Please retype the listing below word for word and exclude its images.

╭──

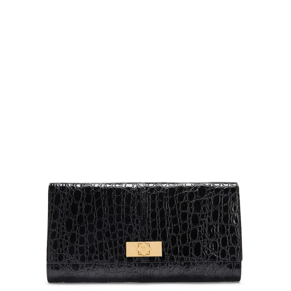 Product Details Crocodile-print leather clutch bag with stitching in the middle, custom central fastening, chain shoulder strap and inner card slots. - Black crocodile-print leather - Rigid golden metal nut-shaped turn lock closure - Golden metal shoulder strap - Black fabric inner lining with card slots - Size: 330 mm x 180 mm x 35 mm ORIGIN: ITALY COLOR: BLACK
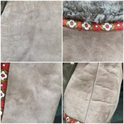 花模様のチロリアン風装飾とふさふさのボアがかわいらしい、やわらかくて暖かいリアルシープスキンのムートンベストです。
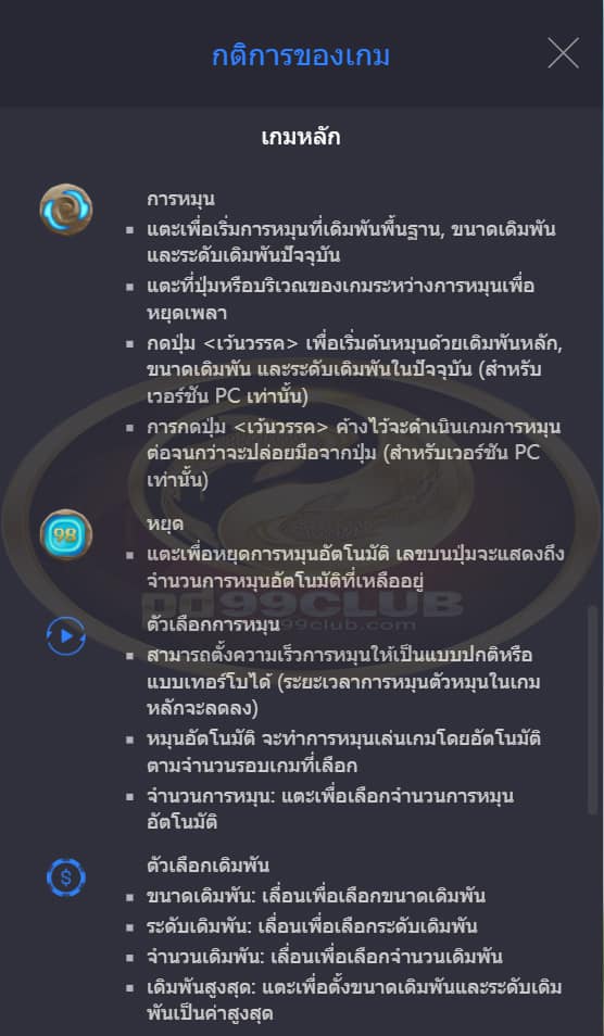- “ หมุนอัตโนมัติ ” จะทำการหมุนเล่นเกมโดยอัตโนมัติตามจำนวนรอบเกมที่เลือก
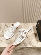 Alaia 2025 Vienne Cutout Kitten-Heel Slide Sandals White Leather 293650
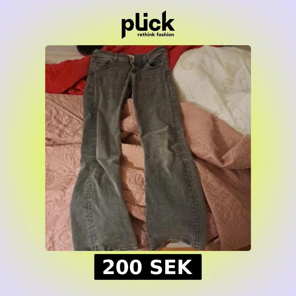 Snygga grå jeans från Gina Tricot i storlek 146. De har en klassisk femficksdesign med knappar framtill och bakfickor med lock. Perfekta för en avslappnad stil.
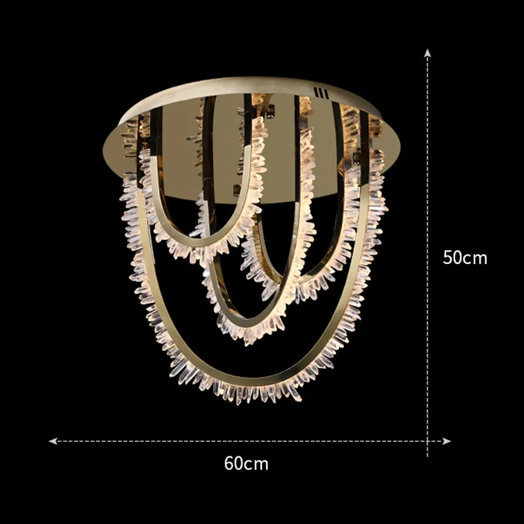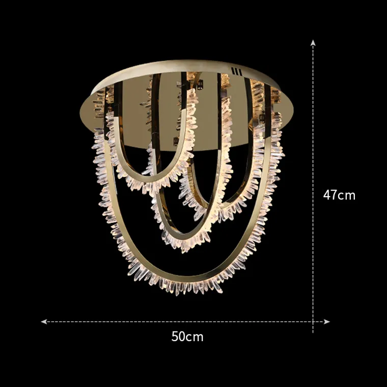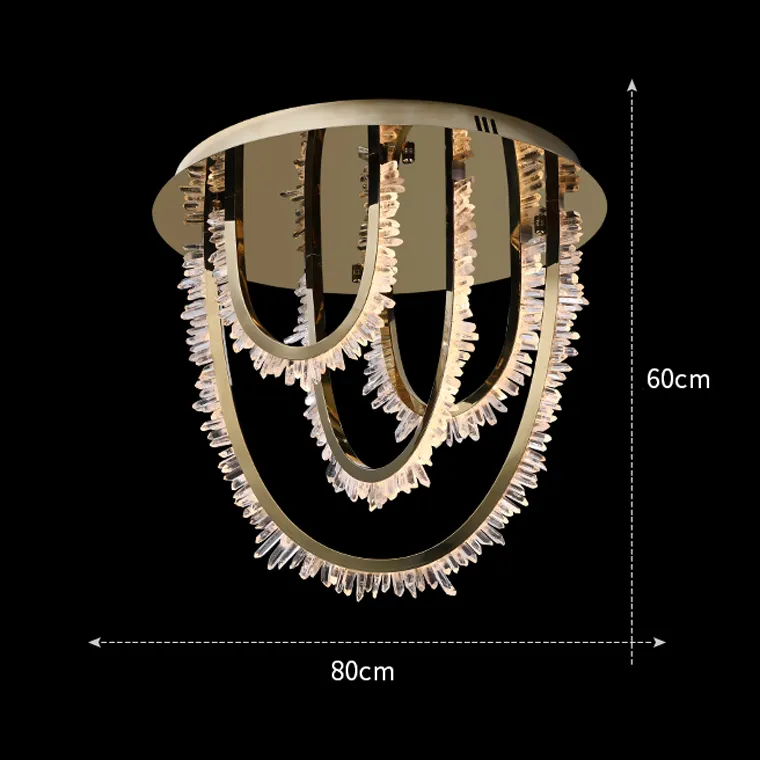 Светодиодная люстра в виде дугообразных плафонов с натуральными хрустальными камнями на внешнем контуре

╰──

» **RESPONSE TO THE TASK**
 Product Details Crocodile-print leather clutch bag with stitching in the middle, custom central fastening, chain shoulder strap and inner card slots. - Black crocodile-print leather - Rigid golden metal nut-shaped turn lock closure - Golden metal shoulder strap - Black fabric inner lining with card slots - Size: 330 mm x 180 mm x 35 mm ORIGIN: ITALY COLOR: BLACK
 花模様のチロリアン風装飾とふさふさのボアがかわいらしい、やわらかくて暖かいリアルシープスキンのムートンベストです。
- “ หมุนอัตโนมัติ ” จะทำการหมุนเล่นเกมโดยอัตโนมัติตามจำนวนรอบเกมที่เลือก
 Alaia 2025 Vienne Cutout Kitten-Heel Slide Sandals White Leather 293650
 Snygga grå jeans från Gina Tricot i storlek 146. De har en klassisk femficksdesign med knappar framtill och bakfickor med lock. Perfekta för en avslappnad stil.
 Светодиодная люстра в виде дугообразных плафонов с натуральными хрустальными камнями на внешнем контуре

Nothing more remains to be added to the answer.